They've got their work cut out for them.
Over the last few weeks, Ole Miss has developed a reputation for being a second half team. In wins over Tennessee and Georgia, the Rebels dominated the first five minutes following halftime, triggering runs to put each game away.
"At the beginning of the year, I felt like we were a first half team," freshman Murphy Holloway said after the team's victory over Georgia Saturday. "We wouldn't do too much in the second half. But it seems like now we've been playing better.
"When we come out in the second half, the first three minutes are very important. We've come out with a lot of energy and pulled away."
My, how quickly things change.
Despite a Rebel lead of 40-36 at halftime, Auburn used an 11-0 run in the opening minutes of the second to bury Ole Miss. The Tigers (18-10, 7-6) led 47-40 before the Rebels could catch their breath, capitalizing on an extensive scoring drought from their opponents.
Baskets were few and far between, as Ole Miss (15-12, 6-7) scored only five points through the first 11 minutes. Kennedy mixed and matched personnel the best he could, to no avail.
The Rebels were 1-17 from the field during that long stretch (barely five percent), falling behind by as much as 16. They connected on merely seven buckets throughout the second half, finishing the game only 37 percent in field goals.
"We started like 1-17 in the second half and they came out on fire," said head coach Andy Kennedy of the team's post-halftime woes. "You can see by our statline, we had the same guys shooting, but we couldn't find a way to score."
By the way the game started, it seemed Ole Miss was destined for their third consecutive victory.
Leading 14-8 after a three-pointer by junior David Huertas, the Rebels were battling.
Korvotney Barber answered with a layup, but Zach Graham added another three spot to put the team up seven at 17-10.
Despite Auburn pulling within three at 19-16, the Rebels responded with 7-2 run to extend the lead to eight. The Tigers kept it close, however, with a Tay Waller three-pointer cutting the lead back to three at 26-23.
While both teams exchanged baskets in the final minutes of the first, the Rebels' had clearly won the half. Their advantage was seven with only three seconds to go and Ole Miss was showing no signs of slowing down.
That is, of course, until Quantez Robertson hit a three as time expired.

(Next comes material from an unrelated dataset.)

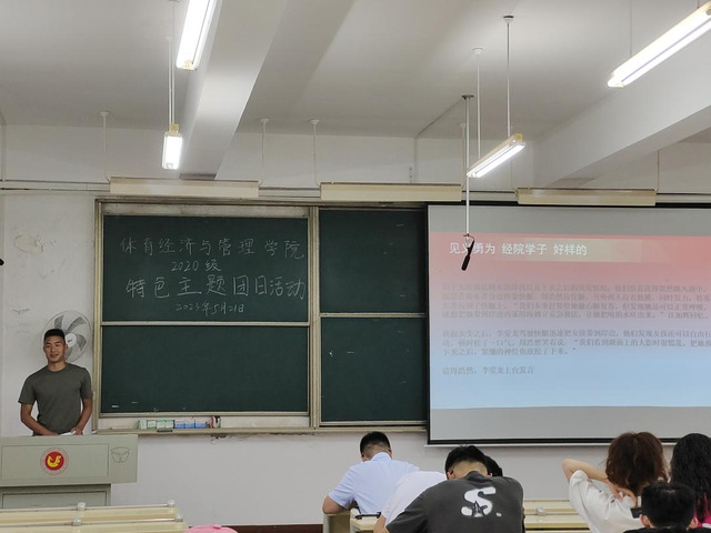 首先由主讲人休闲体育2041班团支书彭咏昕从做有理想的青年、做敢担当的青年、做能吃苦的青年及做肯奋斗的新时代好青年四个方面分享了我国一些优秀青年的事迹,同时邀请了2020级被授予“见义勇为优秀老员工”称号李爱龙、周浩然同学分享了自己的事迹。

Can you say momentum shift?
"Coach (Lebo) told us in the huddle that we had a few seconds and to try and get a shot off," said Robertson. "I tried to get the ball as fast I could and then I was able to get it up and it went in. I was trying to go up with a rhythm jump shot, but one of Ole Miss' players got his hand on the ball. I just threw it up, but it went in."
The Tigers came out rolling in the second, as Waller scored seven-straight points to put his team up three at 43-40. Rasheem Barrett hit a jumper for two more, while adding two free throws after a Malcolm White turnover.

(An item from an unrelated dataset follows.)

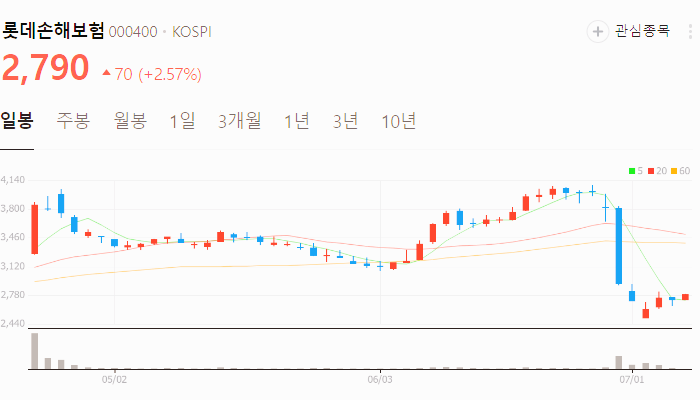 오늘 기준 롯데손해보험 주가는 2790원입니다. 아래에서 이 글을 읽고 있는 순간 롯데손해보험 주가 추세를 확인해 보세요.

Trailing 47-40, Zach Graham hit a three-pointer at the 15:47 mark to finally get Ole Miss on the board, but the game seemed well in hand. While he followed with two free throws, Auburn went on a 12-0 run to put the game away at 59-45.
"It kind of lets you down a little bit," Graham said of the early Tiger run. "After that pep talk at halftime, to stay on top and come out with intensity. Then [Auburn] comes out and scores seven-straight points and back-to-back threes. It kind of flustered us a little bit."

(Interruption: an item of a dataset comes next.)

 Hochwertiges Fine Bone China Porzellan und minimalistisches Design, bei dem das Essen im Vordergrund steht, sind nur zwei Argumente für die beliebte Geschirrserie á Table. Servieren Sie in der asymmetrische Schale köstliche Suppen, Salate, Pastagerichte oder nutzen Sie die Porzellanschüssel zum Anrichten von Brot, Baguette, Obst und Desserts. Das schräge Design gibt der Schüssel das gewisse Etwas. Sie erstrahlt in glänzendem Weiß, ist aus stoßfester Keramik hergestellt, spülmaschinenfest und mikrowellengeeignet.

There would be no miraculous Rebel comeback in this one. The Tigers were never threatened the rest of the way.
"They came out and attacked us right from the jump," said Kennedy. "We wanted to make sure Tay Waller didn't get in a groove, and we let him get 18 – a majority of those points coming in the second half."
We all knew Auburn was a veteran bunch. Heck, Jeff Lebo's entire starting rotation consists of juniors and seniors.
But their dominance (or Ole Miss' ineptness, whichever you choose) in the second was something no one could have predicted.
The Rebels literally went ice cold. No shot taken could find the net, while the Tigers were clearly rolling – Auburn outscored Ole Miss 41-24 in the second.
To Kennedy, however, the stat of the game wasn't simply his team's shooting struggles.
"The key in the game was the 23 turnovers," he said. "We weren't strong with ball. When that happens, you're going to come out on the losing end."
Let me be clear, Ole Miss' chances for an NCAA berth are not completely shot after falling to Auburn, but they've taken a critical blow.
They needed this win, having dropped other winnable road contests at LSU and Alabama. The Tigers entered tonight's matchup as one of the hottest teams in the SEC, and a victory would have looked awfully good on a postseason resume.
The Rebels had won five of their last seven, but had no room for error. An NIT bid is certainly attainable, but hopes for March Madness are on life support.
To get back on the radar, they'll have to win their remaining games and probably get to the finals in Tampa - if not win the whole thing.
"At this stage in the game, we are what we are," Kennedy said. "We have to protect home court Saturday (against Alabama)."
Terrico White paced the Rebels with a career-high 24 points, while Zach Graham and David Huertas both added 15.
Ole Miss returns to action Saturday against Alabama at 3 p.m.